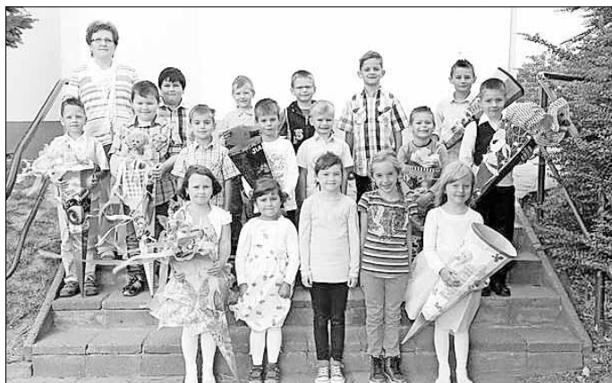
Grundschule Welbsleben: Klasse 1a mit ihrer Klassenlehrerin Frau Götzte

Gemeinsam mit ihren Eltern, Geschwistern und Großeltern erlebten sie dann ein Programm der älteren Grundschüler, in dem sie bei den ABC-Schützen Neugier auf das Kommende weckten.
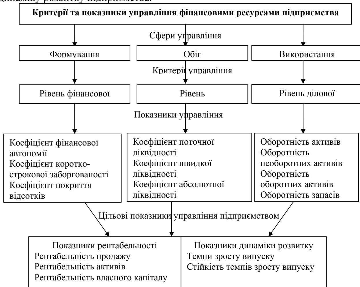
Рисунок 3 – Критерії та показники управління фінансовими ресурсами підприємства

Оцінку якості управління фінансовими ресурсами підприємства необхідно проводити за критеріями стійкості, платоспроможності та ділової активності, які розглядаються через показники структури капіталу, ліквідності та оборотності, що дає можливість кількісно оцінити вплив якості управління фінансовими ресурсами на рівень рентабельності та динаміку розвитку підприємства.
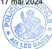
Le Maire d'Aix-les-Bains Renaud BERETTI
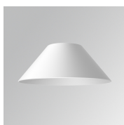
Cód. producto: S8BE227W
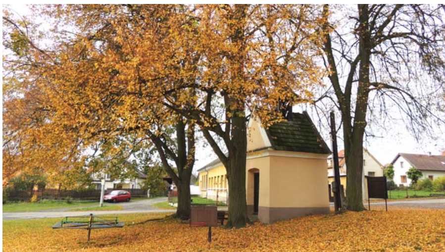
kaplička v Mirošovicích

Sázavou a okolí. V této expozici jsou k vidění exponáty pocházející z Ratají, včetně archeologických nálezů z doby bronzové. Zaměření expozice je na venkovská řemesla a zemědělství.
---------------
The answer must be an exact copy of the lines above, from the start of the records through the line with "Рисунок 3 –", and of nothing else; no pictures belong in it.

#### Reply to the task
Grundschule Welbsleben: Klasse 1a mit ihrer Klassenlehrerin Frau Götzte

Gemeinsam mit ihren Eltern, Geschwistern und Großeltern erlebten sie dann ein Programm der älteren Grundschüler, in dem sie bei den ABC-Schützen Neugier auf das Kommende weckten.
Рисунок 3 – Критерії та показники управління фінансовими ресурсами підприємства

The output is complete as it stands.